Effective briefing leads to better work. Without a written brief the work can be creatively brilliant and extremely effective in working against the wrong objectives.

The briefing format

  1. Be clear about what indicates performance
  2. Provide the information necessary to complete the task
  • Where are we now?
  • Where do we want to be?
  • What are we doing to get there?
  • Who do we need to talk to?
  • How will we know when we have arrived?

The briefing makes remuneration fairer 

Without a written brief the work can be creatively brilliant and extremely effective in working against the wrong objectives. Even if the aim has been verbally expressed, agreement in writing is essential to have shared clarity of purpose.

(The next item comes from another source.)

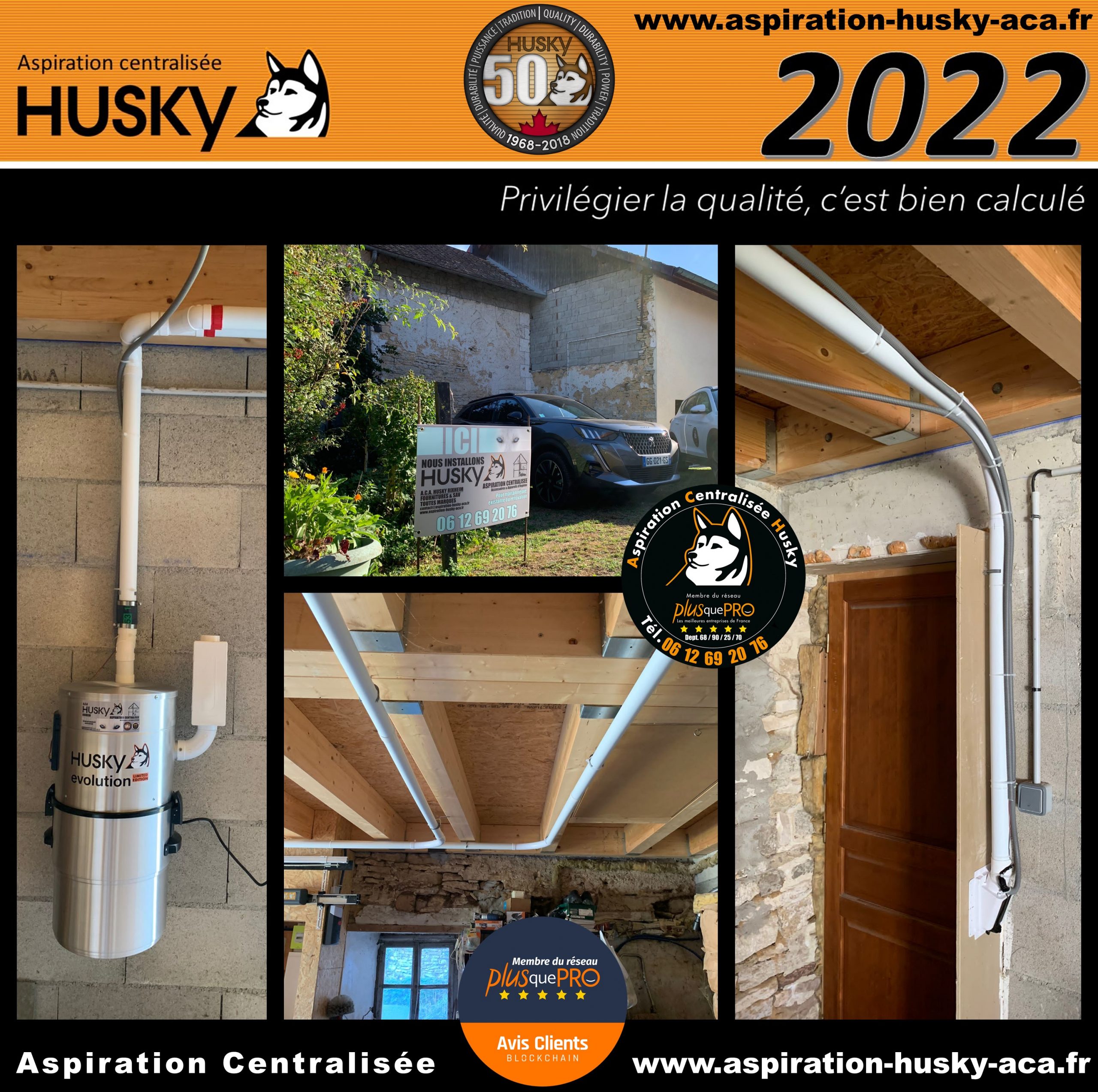 Une réalisation de la société HUSKY A.C.A dans une maison existante située Chassagne-Saint-Denis 25290 dans le département du Doubs, en région Bourgogne-Franche-Comté. Installation d’un réseau PVC qui alimente 2 prises pour flexible rétractable RétraFlex de 12 mètres. L’ensemble de ce réseau a été raccordé sur un modèle Husky ÉVOLUTION, système  hybride équipé d’un filtre lavable en machine à laver et traité SILPURE, diode de contrôle pour un minimum d’informations aux utilisateurs, cuve de 34 litres, moteur avec démarrage et arrêt temporisé, d’une puissance d’aspiration de 39772 mm de dépression (39 KPA), modèle couvert d’une garantie de 25 ans par le manufacturier Canadien des produits Husky.

No-one wants to waste time and money, but often the partners’ time is viewed as more expendable than yours. Efficiency all round is only achieved by clear aims and focus of effort. The view that not writing a brief is faster, assumes that faster to the first presentation of an idea is the aim, rather than faster to agreed work. We need to take into account that most ideas presented are not agreed the first time. So saving time in the short term is often a false economy.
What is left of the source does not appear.